Jovem supera deficiência com equoterapia
A Tarde Salvador, 06/01/2002
Dependência de drogas, autismo, deficiências física e mental, dentre outros problemas, vem cada vez mais sendo tratados com métodos que fogem do convencional e, o que é mais importante, obtendo retorno positivo Marilena Neco
O garoto Iuri Guimarães Brito, ao nascer, teve anoxia neonatal, a conhecida paralisia cerebral. O pequeno, cuja vida se anunciava sem perspectiva, deu lugar a um jovem que, pouco a pouco, foi vencendo as limitações e hoje, aos 20 anos, está para cursar uma faculdade. Iuri, recentemente, foi aprovado no vestibular para Publicidade e Marketing. O que possibilitou ao recém-universitário ter uma vida normal, guardadas as limitações que a doença impunha, foi a equoterapia, um método complementar interdisciplinar que utiliza o cavalo como instrumento terapêutico.
Dependência de drogas, autismo, deficiências física e mental, dentre outros problemas, vem cada vez mais sendo tratados com métodos que fogem do convencional e, o que é mais importante, obtendo retorno positivo. A equoterapia é apenas um deles. Direcionado para distúrbios de comportamento, de aprendizagem, autismo, síndrome de Down, acidente vascular cerebral e paralisia cerebral, a equoterapia parte de uma avaliação dada por uma equipe composta de médico, fisioterapeuta, psicólogo e instrutor de equitação para obter resultados que podem surpreender, principalmente em pacientes com paralisia cerebral.
"A melhora se dá tanto no aspecto físico quanto psicológico do lesado cerebral", atesta Cristina Brito, presidente da Associação Baiana de Equoterapia, com conhecimento de causa. Ela é a mãe de Iuri e responsável pela implantação do método na Bahia, em 1993, por meio da Associação Baiana de Equoterapia. O método chegou ao Brasil em 89, através da Associação Nacional de Equoterapia.

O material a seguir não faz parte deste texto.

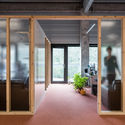 二楼是工作区和领导办公室,是由许多封闭的办公室盒子、半开放的会议室盒子和开放的公共空间组成的。它们按功能单元划分,通过主题放松区相互分隔。办公室的盒子通过一个宽敞的门廊与外部相连。在夏季,员工们可以将工作空间扩展到室外。
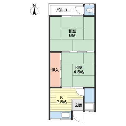 築年月 1970年5月  間取り 2K( K2.5畳/和室4.5畳/和室6畳 ) 専有面積 31m2

Progressos - Iuri só veio a dar os primeiros passos aos 7 anos, ainda assim com quedas sucessivas. Aos 11 anos, ele se iniciou na equoterapia. "A partir daí, ele adquiriu auto-estima, autoconfiança e passou a ter melhoras significativas no equilíbrio e na coordenação motora. Se tornou uma pessoa independente nas ações do dia-a-dia, como escovar os dentes e almoçar. Mesmo com dificuldade motora, sempre freqüentou uma escola normal", relata Cristina, radiante com o sucesso do filho.
Mas por que a utilização do cavalo como método terapêutico? Ela explica que o animal, na andadura, realiza o movimento tridimensional (para frente, para trás, para cima, para baixo e para um lado e para o outro). Com isso, contribui para um relaxamento e aumento do tônus muscular, equilíbrio, noção espacial, concentração e mobilidade pélvica, beneficiando o paciente. "Tudo isso associado a outras terapias. A equoterapia é um método, além de eficaz, prazeroso, porque possibilita um contato com a natureza", destaca Cristina.